= Orphan receptor =

Protein with a receptor structure but with unidentified ligand

In biochemistry, an orphan receptor is a protein that is structurally similar to a receptor, but for which no physiological relevant endogenous ligand is known. If a biologically significant ligand for an orphan receptor is later discovered, the receptor is referred to as an "adopted orphan". Conversely, the term orphan ligand refers to a biological ligand whose cognate receptor has not yet been identified. Because it can take time for terminology in common use to change, and disagreements can exist about whether a discovered endogenous ligand has a biologically significant function, specific adopted orphans may continue to be referred to as orphans for some time after their ligand is found, despite no longer being true orphans.

==Examples==
Examples of orphan receptors are found in the G protein-coupled receptor (GPCR) and nuclear receptor families.

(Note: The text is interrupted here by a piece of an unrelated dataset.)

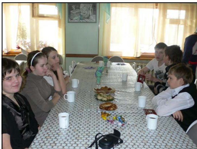
На фото: Блинный пир в 7 классе

Дорогие ребята! Если у вас есть вопросы к учителям нашей школы или вы хотите рассказать о своем любимом учителе, приносите свои работы в пресс-центр!

If an endogenous ligand is found, the orphan receptor is "adopted" or "de-orphanized". An example is the nuclear receptor farnesoid X receptor (FXR) and TGR5/GPCR19/G protein-coupled bile acid receptor, both of which are activated by bile acids. Adopted orphan receptors in the nuclear receptor group include FXR, liver X receptor (LXR), and peroxisome proliferator-activated receptor (PPAR). Another example of an orphan receptor site is the PCP binding site in the NMDA receptor, a type of ligand-gated ion channel. This site is where the recreational drug PCP works, but no endogenous ligand is known to bind to this site.

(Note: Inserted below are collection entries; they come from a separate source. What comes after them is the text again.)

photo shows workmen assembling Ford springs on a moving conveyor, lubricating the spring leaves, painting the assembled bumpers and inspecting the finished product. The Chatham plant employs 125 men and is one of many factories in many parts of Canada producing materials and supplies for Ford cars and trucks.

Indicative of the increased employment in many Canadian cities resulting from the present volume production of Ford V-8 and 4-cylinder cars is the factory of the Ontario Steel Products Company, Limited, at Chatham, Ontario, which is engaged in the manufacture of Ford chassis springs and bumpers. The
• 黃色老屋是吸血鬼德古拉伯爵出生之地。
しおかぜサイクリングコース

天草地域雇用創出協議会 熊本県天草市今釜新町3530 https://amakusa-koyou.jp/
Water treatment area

GPCR orphan receptors are usually given the name "GPR" followed by a number, for example GPR21. In the GPCR family, nearly 100 receptor-like genes remain orphans.

==Discovery==
Historically, receptors were discovered by using ligands to "fish" for their receptors. Hence, by definition, these receptors were not orphans. However, with modern molecular biology techniques such as reverse pharmacology, screening of cDNA libraries, and whole genome sequencing, receptors have been identified based on sequence similarity to known receptors, without knowing what their ligands are.